Two Old Oundelians returned to lecture halls and the classroom this week. Although they work within two different disciplines, their theme of how networks allow people to communicate and societies to develop and thrive was a common focus of their talks to the Sixth Form.

Professor Andrew Pettegree (L 1975) has been generous with his time on many occasions. He returned to Oundle this week for a talk about The Book at War. His earlier academic career focused on the European Reformation. With that period as a starting point, he has since written ten books about the history of communication and the history of the book.

For his History Society talk he drew upon the place of the book in the history of warfare. Using a cast of ordinary people, he tracked their experience with books during wartimes: the publishers who adapted to paper shortages, censorship and the launch of cheap paperbacks; librarians who laboured to preserve collections but also kept resources available; active troops whose morale needed boosting; prisoners of war who had hours of time to read; civilian readers busy with the new demands of the home front. During wartimes, books and libraries are considered legitimate targets or acceptable casualties of bombing campaigns, and over many years, millions have been destroyed or plundered during wars. But the essential nature of published material remains indefatigable, and technology means that books can always be produced in even far greater numbers to continue communicating ideas down through the ages.

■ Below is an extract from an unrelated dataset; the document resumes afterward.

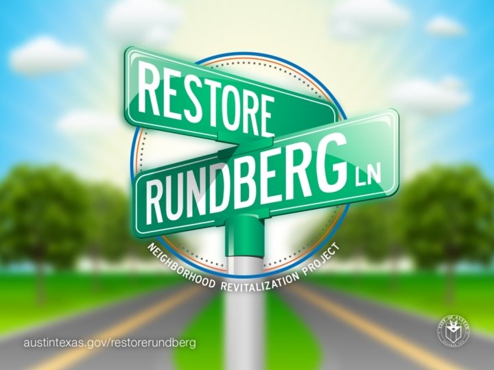 Community Input • The City of Austin, APD and the University of Texas are committed to providing as many opportunities for feedback as possible. The following are currently on going and tentatively planned public input opportunities: • Speak. Up. Austin Restore Rundberg Idea Forum speakupaustin. org/forums • • • Frequent Public Meetings Dates TBA Door-To-Door Neighborhood Survey Conducted by the University of Texas Email and Contact information for the Restore Rundberg Initiative: www. austintexas. gov/restorerundberg

The next morning Andrew returned to an Oundle classroom, but this time as a teacher, where he introduced Lower Sixth pupils to the Universal Short Title Catalogue based at the University of St Andrews, where he is one of the directors. The USTC is a database of worldwide holdings of books printed with moveable type, published from 1450 – 1700. Using database filters to search by date, place and author etc, he showed how historians can assess the impact of early printed books, and how political and religious changes across England and Europe were reflected by the printing industry.

Following on from his earlier book, The Invention of News, he is currently working on an additional volume about the history of newspapers, and he spent time in the Cripps Library looking at a collection of 18th century Northamptonshire newspapers.

Adrian Fisher (B 1969) delivered the Sixth Form Lecture this week. He is best known internationally for more than 400 mazes around the world, from corn mazes and hedge mazes to an illuminated vertical maze design on a fifty-five-story Dubai skyscraper, and the maze at Blenheim Palace, reproduced on the five-pound note.

Mazes involve a network of avenues that move people from a start point to an end point. But the ambition of a maze designer is to confuse people, while having fun in the process. This ability to visualise and plan networks began with Adrian’s first career in industrial efficiency, where the aim is to move people between points A and B quickly, and this was the focus of his lecture.

Using schematic maps from across the world of train networks, metros, bus routes, airport runways and transport connections, he pointed to the well-designed projects that have successfully serviced cities and countries, and the projects that have caused congestion and inefficiency, hindered economic development, or just been pointless. He lamented what he thought was a preponderance of the latter. The baseline for success, he said, is planning. And with proper planning there should be the understanding of how to move people from their start point to the end without confusion: in any transport network, plans should prioritise nodes more than channels; longevity requires use of compatible, universal equipment.

Addressing the next generation of planners, designers, engineers and government officials, his lesson to Oundelians was to “get on with it” and be the ones who set the efficient standards and networks for future nation building.